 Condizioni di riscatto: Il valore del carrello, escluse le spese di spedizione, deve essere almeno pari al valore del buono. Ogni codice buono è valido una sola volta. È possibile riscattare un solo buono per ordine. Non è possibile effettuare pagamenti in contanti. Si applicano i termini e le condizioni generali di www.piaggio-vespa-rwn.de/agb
+--
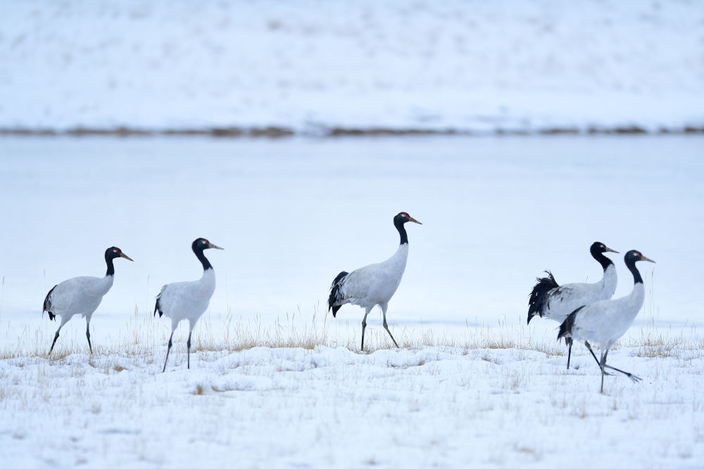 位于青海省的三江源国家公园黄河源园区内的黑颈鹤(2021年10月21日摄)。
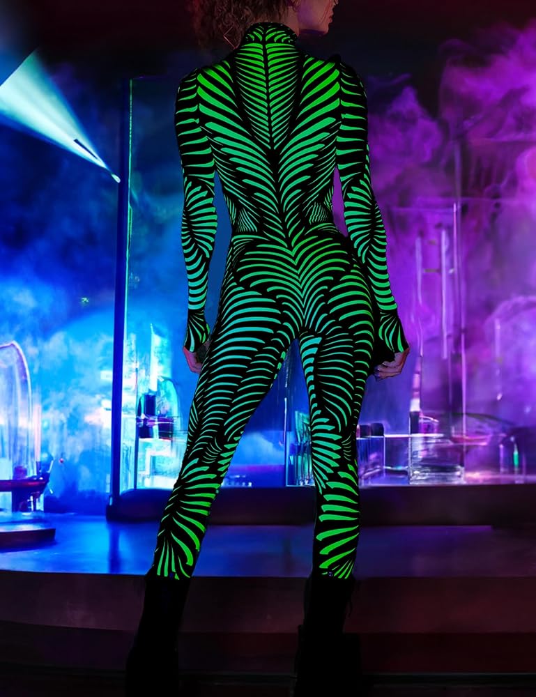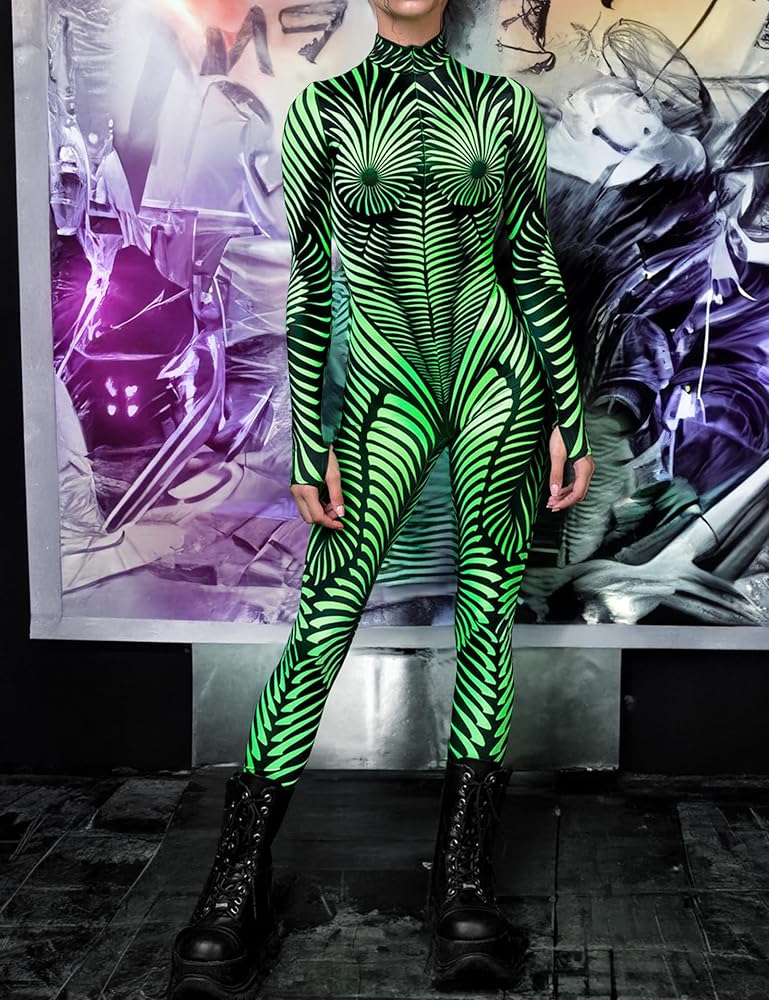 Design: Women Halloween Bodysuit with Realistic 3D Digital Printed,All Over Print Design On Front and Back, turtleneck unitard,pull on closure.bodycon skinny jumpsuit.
+--
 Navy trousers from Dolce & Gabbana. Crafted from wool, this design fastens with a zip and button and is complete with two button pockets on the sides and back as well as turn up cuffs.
+--
What is needed is an exact copy of only the lines above from the one with "位于青海省的三江源国家公园黄河源园区内的黑颈鹤(2021年10月21日摄)。" to the one with "Design: Women Halloween", both kept, with every picture left out.

 位于青海省的三江源国家公园黄河源园区内的黑颈鹤(2021年10月21日摄)。
 Design: Women Halloween Bodysuit with Realistic 3D Digital Printed,All Over Print Design On Front and Back, turtleneck unitard,pull on closure.bodycon skinny jumpsuit.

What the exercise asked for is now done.